Giant gauge factor of Van der Waals material based strain sensors

Abstract

There is an emergent demand for high-flexibility, high-sensitivity and low-power strain gauges capable of sensing small deformations and vibrations in extreme conditions. Enhancing the gauge factor remains one of the greatest challenges for strain sensors. This is typically limited to below 300 and set when the sensor is fabricated. We report a strategy to tune and enhance the gauge factor of strain sensors based on Van der Waals materials by tuning the carrier mobility and concentration through an interplay of piezoelectric and photoelectric effects. For a SnS₂ sensor we report a gauge factor up to 3933, and the ability to tune it over a large range, from 23 to 3933. Results from SnS₂, GaSe, GeSe, monolayer WSe₂, and monolayer MoSe₂ sensors suggest that this is a universal phenomenon for Van der Waals semiconductors. We also provide proof of concept demonstrations by detecting vibrations caused by sound and capturing body movements.

Fig. 1. Giant gauge factor (GF) of SnS₂ based strain sensors.
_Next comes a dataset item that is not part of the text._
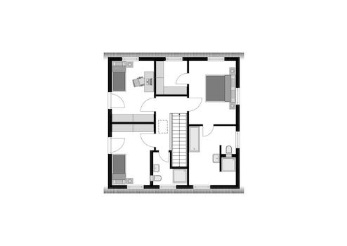 Im Obergeschoss sind ein geräumiges Familienbad, zwei schöne Kinderzimmer und ein Elternbereich mit Ankleide geplant.

a Schematic of the Van der Waals strain sensor devices. b I–V curves under various strain conditions measured in darkness. c The variation of $\mathrm{\Delta }R/R_0$ as a function of strain for the sensor measured in darkness. d I–V curves under various strain conditions measured with 365 nm light illumination. e The function of $\mathrm{\Delta }R/R_0$ versus strain of the sensor measured under 365 nm illumination. f GF value of the strain sensor as a function of the power density of 365 nm illumination.

Fig. 2. Origin of enhanced GF value by photo illumination.

a Calculated relative change of equivalent potential variation ($\mathrm{\Delta }\varphi$) of the SnS₂ based strain sensor with strain (s) with and without external illumination. b Calculated relative change of $\mathrm{\Delta }\varphi$ at zero strain (s) as a function of power density of illumination. c Calculated mobility as a function of strain in darkness (red line) and under 365 nm laser illumination (blue line). d Demonstration of the universality of GF enhancement phenomenon by photo illumination for Van der Waals semiconducting materials including SnS₂, GaSe, GeSe, monolayer WSe₂, and monolayer MoSe₂.

Fig. 3. Model of measured sensor currents.

Calculated currents (black lines) and measured currents (colored symbols) for a selection of strains for a dark and b 365 nm laser illuminating conditions.

Fig. 4. Demonstration of real world application of VdWLM strain sensor.

a The performance of a SnS₂ based strain sensor working under illumination when detecting vibrations induced by sound in comparison to signal when working in darkness. b Schematic of strain points produced by motion of a human body used for strain detection by SnS₂ based devices. c The measured response produced by smile motion for sensor mounted on cheek, as shown in insert. d Response to wrist bending following positions shown below. e Sensor response to motion of standing and sitting corresponding to the insert image for sensor fixed on knee. f Signals from sensor on knee showing comparative response for slow and rapid walking.

Fig. 5. Dynamic strain sensing of SnS₂ based strain sensors working under illumination.

a–c The top row shows dynamic strain applied to a sensor at three different frequencies: a 0.11 Hz, b 0.21 Hz and c 0.28 Hz. The second row shows the current response corresponding to each dynamic strain state. d–f The bottom row shows frequencies calculated by Fourier transforms of I–t curve in figure (a–c).